- _Exercise_:
Starting with the line that has "wanderer upon the" and finishing with the line that has "혜택들이 준비되어 있습니다.", set down each line below exactly. Pictures are not copied.

- _Material provided_:
-*-
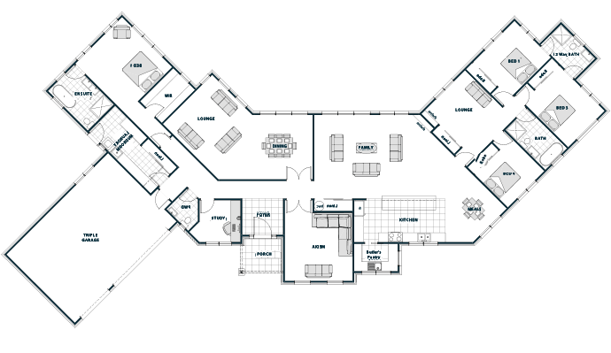 The Castle Park Mono is a modern,bold home featuring cube architecure to create strong clean lines, simple and strong. It is an expansive home designed for those who love to entertain and live large. With floor plans ranging from 365m to 496m , it includes 4 to 6 bedrooms, 3.5 bathrooms, and up to 4 living areas. Its distinctive layout features wings that curve inward, creating a sense of shelter, privacy, and architectural drama. This home is an entertainers dream with formal and casual dining options and great indoor, outdoor flow.
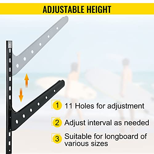 - Adjustable Size Design: Get organized in minutes with four screws through each track, then insert arms and store your surfboards. There are 11 holes on the push pin for height adjustment, which allows you to individually lock in each storage attachment to adjust the spacing between each level.
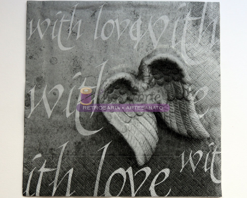 Guardanapo G36.042 A imagem representa uma das face do guardanapo em tons cinzentos com asas de anjo Tamanho: 33x33
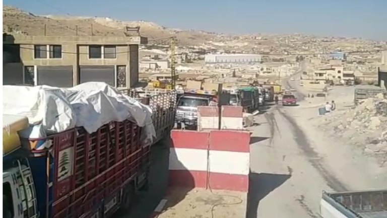 ورافقت دورية من مخابرات الجيش اللبناني، العائلات النازحة المغادرة طوعاً الى نقطة الحدود اللبنانية السورية عند معبر الزمراني.
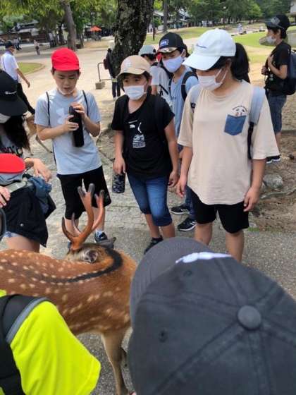 奈良公園で,鹿と触れ合いました。間近に見る鹿に大興奮でした。
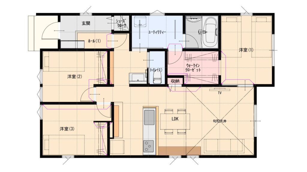 ▼金沢弥生(平屋)モデルハウスと同様の広さ・間取りの場合
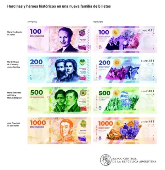 Eva Perón estará en el billete de $100, mientras que el General José de San Martín aparecerá en el de $1000. Otra particularidad de la nueva familia de billetes es que dos denominaciones incluyen la imagen de dos personas distintas: Juana Azurduy y Miguel de Güemes serán las caras del de $200 y Remedios del Valle con Manuel Belgrano del de $500.
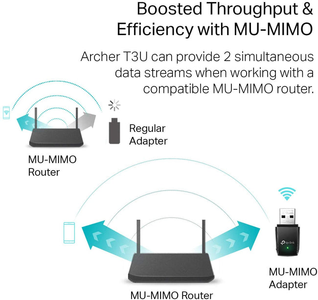 With MU-MIMO technology, the Archer T3U can provide two simultaneous data streams, improving the throughput and efficiency of the entire network and enabling you to take full advantage of MU-MIMO routers**.
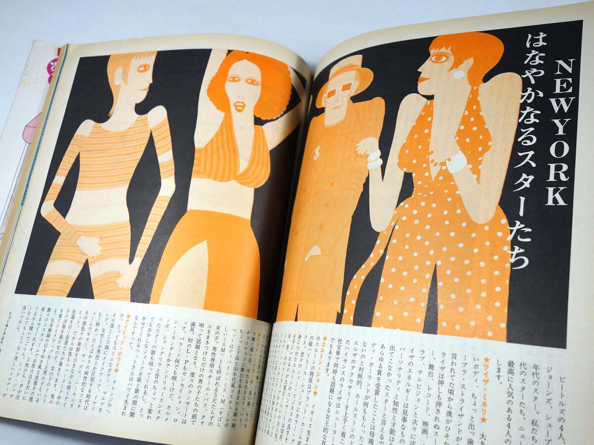 原宿ミルク、芦田淳、鳥居ユキなど、当時の人気ブティック、デザイナーをフィーチャー。スタイリングも刺激的で、すみずみまでセンスのよさを感じる誌面づくりが光る。
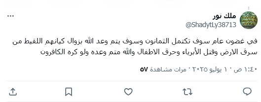 بينما استبشر أحد النشطاء خيرا، وغرّد: “في غضون عام، سوف تكتمل الثمانون وسوف يتم وعد الله بزوال كيانهم اللقيط، من سرق الارض وقتل الأبرياء وحرق الاطفال والله متم وعده ولو كره الكافرون”.
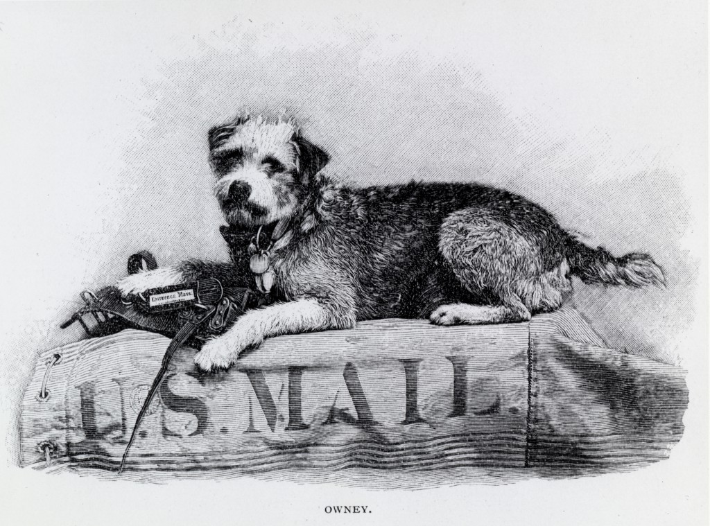 “A wanderer upon the face of the globe, if ever there was one, appeared in the office of Chief Clerk Frank P. Smith of the Railway Mail Service this morning,” reported the Milwaukee Journal on May 11, 1895. “Post Office Owney is a dog, but he is no ordinary dog. He is the property of 7,000 railway clerks.”
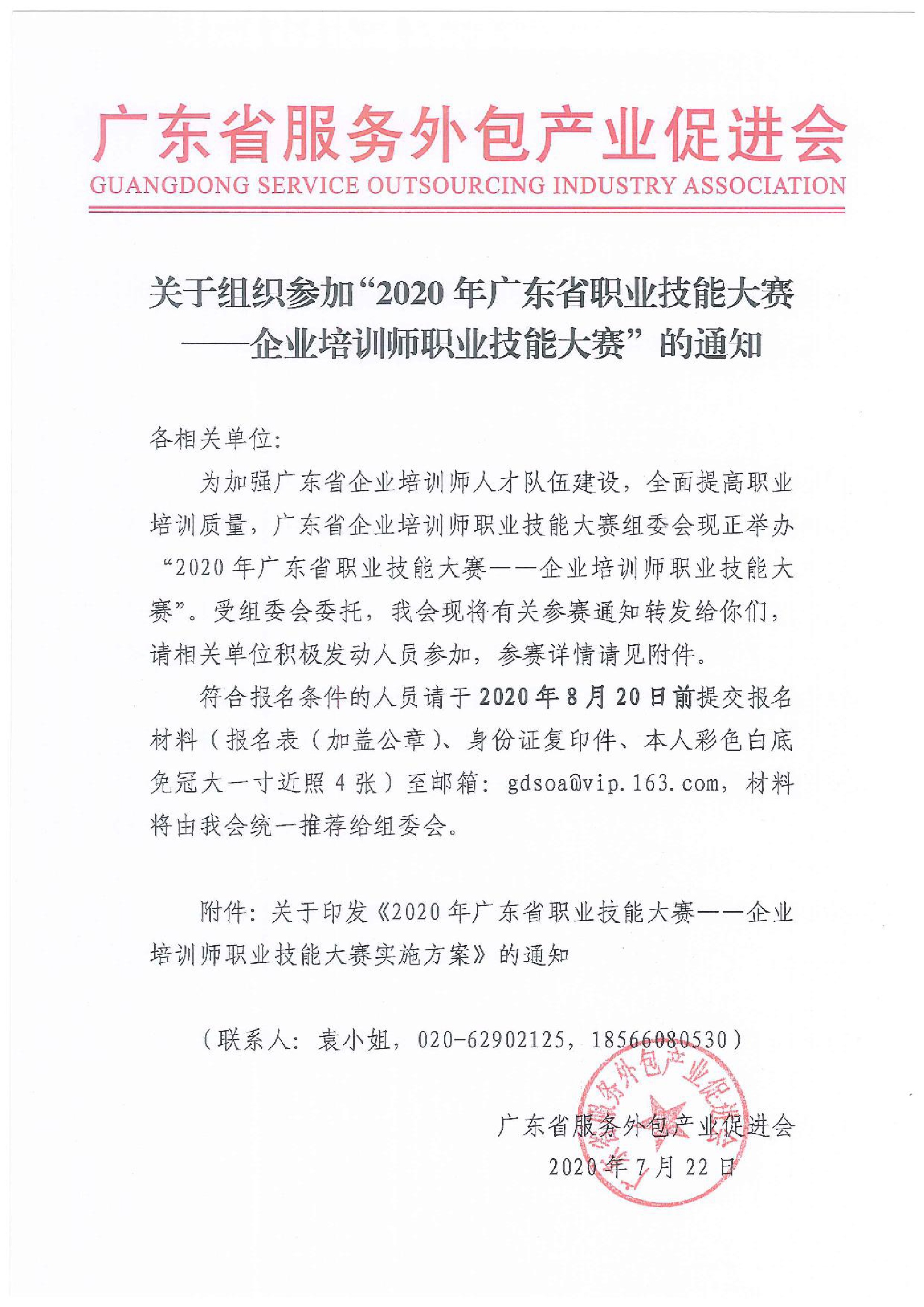 关于组织参加“2020年广东省职业技能大赛--企业培训师职业技能大赛”的通知
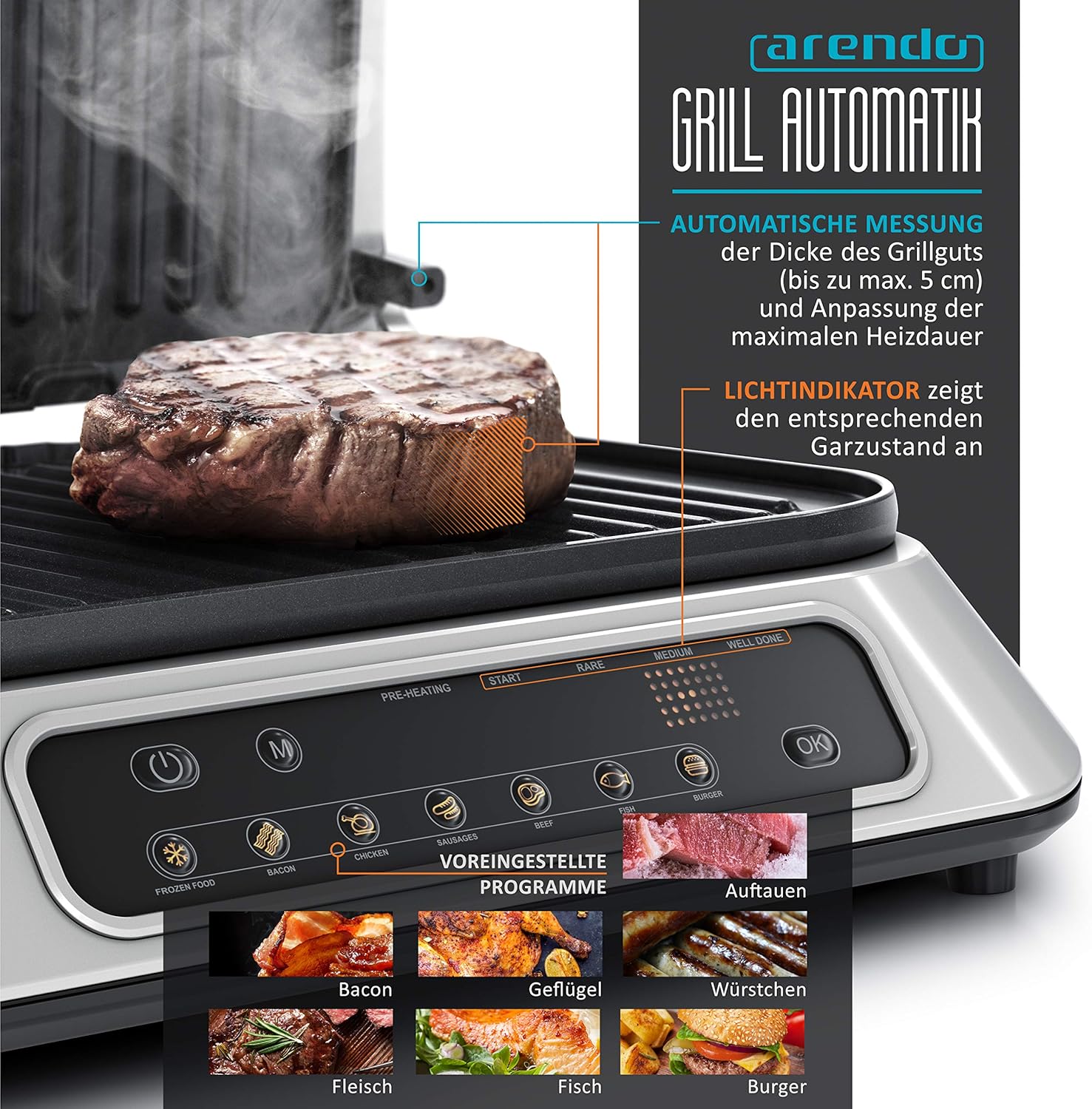 • Контактната скара измерва дебелината на храната (до 5 см) с магнитен сензор и автоматично настройва времето за печене. В ръчен режим може да се достигне максималната топлинна мощност (250 °C).
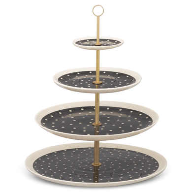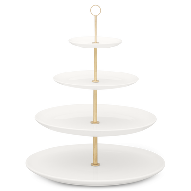 Die vierstöckige Etagere mit der Formnummer “611D” von Hedwig Bollhagen ist die große Schwester der dreistöckigen Version 611C. Formgebend für die beiden Etageren ist das offene Gestell mit verschiedenen, nach unten zunehmend breiter werdenden tellerförmigen Ebenen. Der durchgehende, alle Etagen verbindende Messingstab mit dem kreisrunden Griff an der Spitze rundet das Design elegant ab. Bei einer Höhe von 36 Zentimetern bietet der seit dem Barock so beliebte Tischaufsatz genügend Platz für Obst und Pralinen. Soviel steht fest, ob Erdbeeren, Kirschen oder Konfekt, auf der vierstöckigen Etagere von Hedwig Bollhagen lassen sich Früchte und Gebäck jeder Art stilvoll kredenzen.
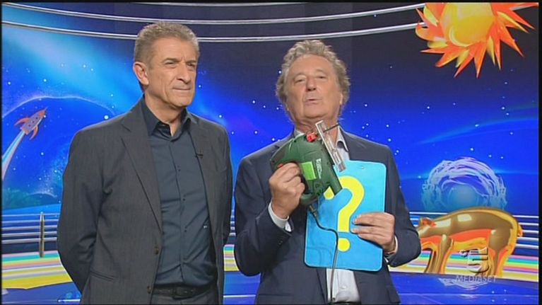 Gerry Scotti sfonda il bancone di Striscia
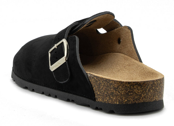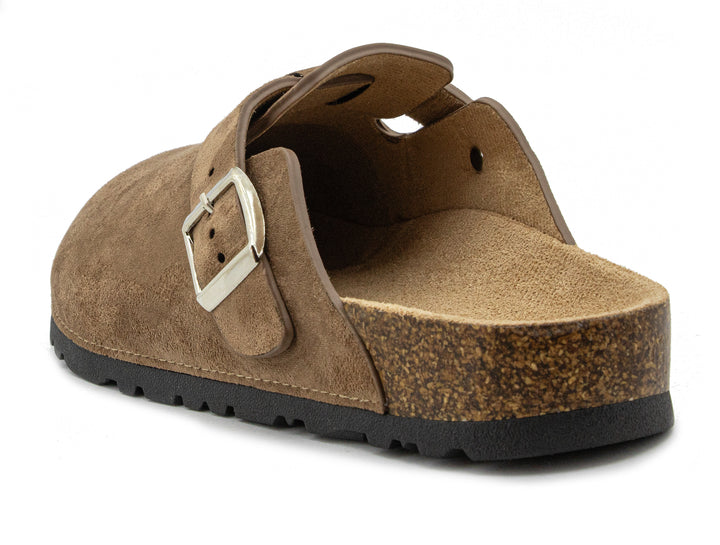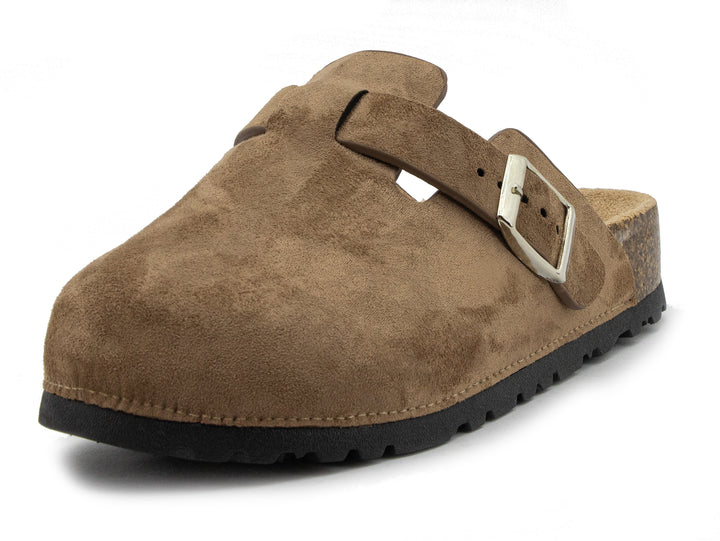 Disfruta de la máxima comodidad con este zueco tipo gamuza, ideal para un look relajado y moderno. Su diseño cerrado con hebilla metálica ajustable aporta un toque sofisticado, mientras que la plantilla acolchada y suela antideslizante garantizan confort en cada paso. Perfecto para combinar con jeans, pantalones de lino o outfits casuales de temporada.
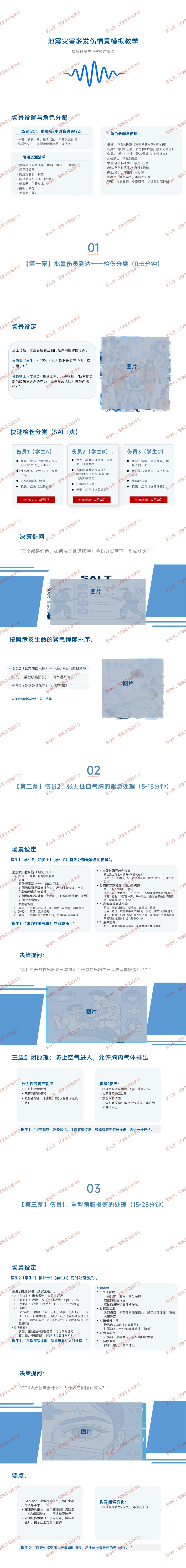 角色分配:3 名伤员分别模拟重型颅脑损伤 + 多发伤、张力性血气胸 + 腹部闭合伤、骨盆骨折 + 失血性休克;另设分检护士、2 名创伤科医生、2 名护士助手,其余学生为观察员,临床教师担任导师。
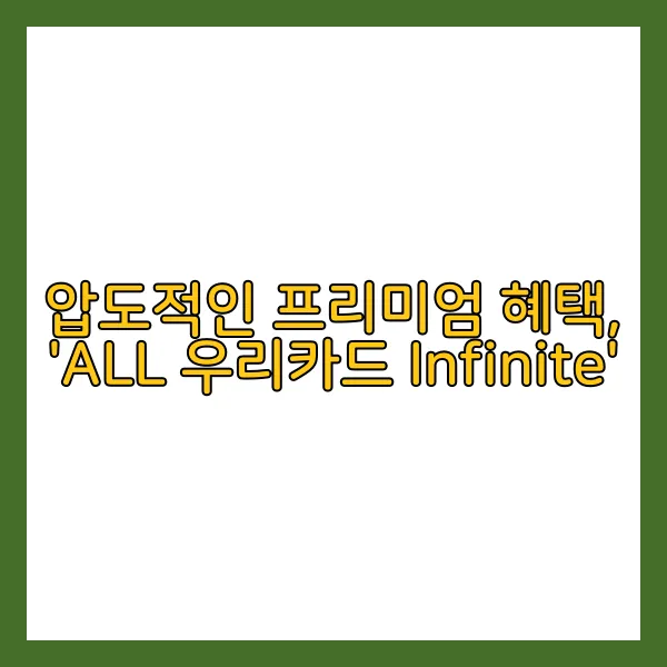 'ALL 우리카드 Infinite'는 우리은행의 최고급 프리미엄 신용카드로, 연회비가 국내전용 50만원, 해외겸용 50만원으로 상당히 높은 편입니다. 하지만 그에 걸맞은 차별화된 혜택들이 준비되어 있습니다.
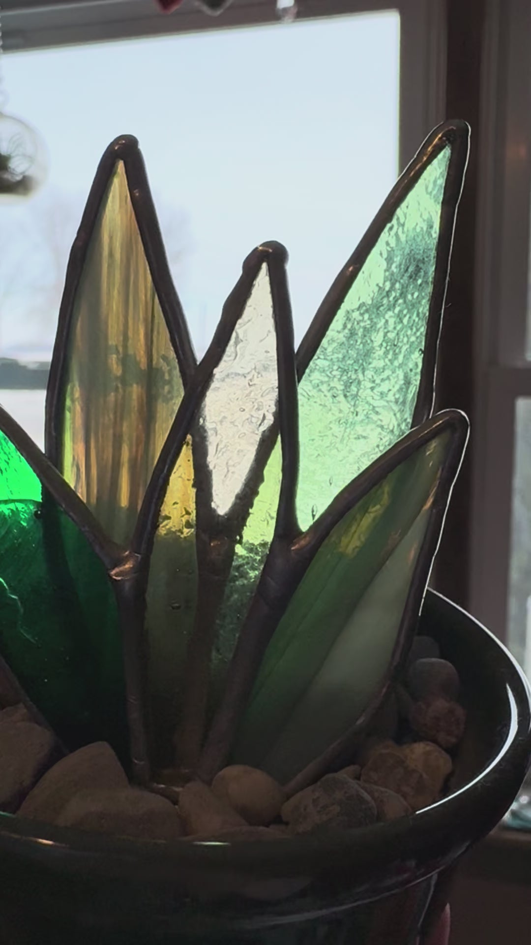 Materials: Glass, Copper Foil, Lead Solder, Finishing Wax, Ceramic Pot, River Rock
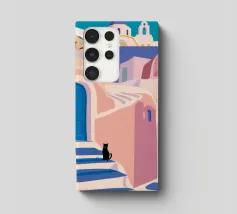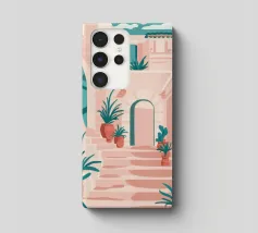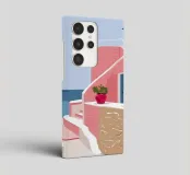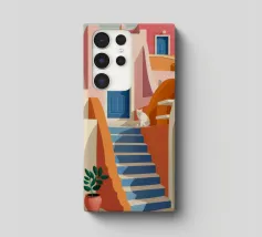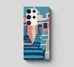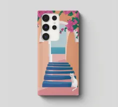 Una classica scena mediterranea che raffigura un edificio rosa con una scala che scende verso un tranquillo mare blu. Quest'opera d'arte cattura perfettamente il fascino solare e pacifico di un'isola greca.
-*-
- _Answer_:
 “A wanderer upon the face of the globe, if ever there was one, appeared in the office of Chief Clerk Frank P. Smith of the Railway Mail Service this morning,” reported the Milwaukee Journal on May 11, 1895. “Post Office Owney is a dog, but he is no ordinary dog. He is the property of 7,000 railway clerks.”
 关于组织参加“2020年广东省职业技能大赛--企业培训师职业技能大赛”的通知
 • Контактната скара измерва дебелината на храната (до 5 см) с магнитен сензор и автоматично настройва времето за печене. В ръчен режим може да се достигне максималната топлинна мощност (250 °C).
 Die vierstöckige Etagere mit der Formnummer “611D” von Hedwig Bollhagen ist die große Schwester der dreistöckigen Version 611C. Formgebend für die beiden Etageren ist das offene Gestell mit verschiedenen, nach unten zunehmend breiter werdenden tellerförmigen Ebenen. Der durchgehende, alle Etagen verbindende Messingstab mit dem kreisrunden Griff an der Spitze rundet das Design elegant ab. Bei einer Höhe von 36 Zentimetern bietet der seit dem Barock so beliebte Tischaufsatz genügend Platz für Obst und Pralinen. Soviel steht fest, ob Erdbeeren, Kirschen oder Konfekt, auf der vierstöckigen Etagere von Hedwig Bollhagen lassen sich Früchte und Gebäck jeder Art stilvoll kredenzen.
 Gerry Scotti sfonda il bancone di Striscia
 Disfruta de la máxima comodidad con este zueco tipo gamuza, ideal para un look relajado y moderno. Su diseño cerrado con hebilla metálica ajustable aporta un toque sofisticado, mientras que la plantilla acolchada y suela antideslizante garantizan confort en cada paso. Perfecto para combinar con jeans, pantalones de lino o outfits casuales de temporada.
 角色分配:3 名伤员分别模拟重型颅脑损伤 + 多发伤、张力性血气胸 + 腹部闭合伤、骨盆骨折 + 失血性休克;另设分检护士、2 名创伤科医生、2 名护士助手,其余学生为观察员,临床教师担任导师。
 'ALL 우리카드 Infinite'는 우리은행의 최고급 프리미엄 신용카드로, 연회비가 국내전용 50만원, 해외겸용 50만원으로 상당히 높은 편입니다. 하지만 그에 걸맞은 차별화된 혜택들이 준비되어 있습니다.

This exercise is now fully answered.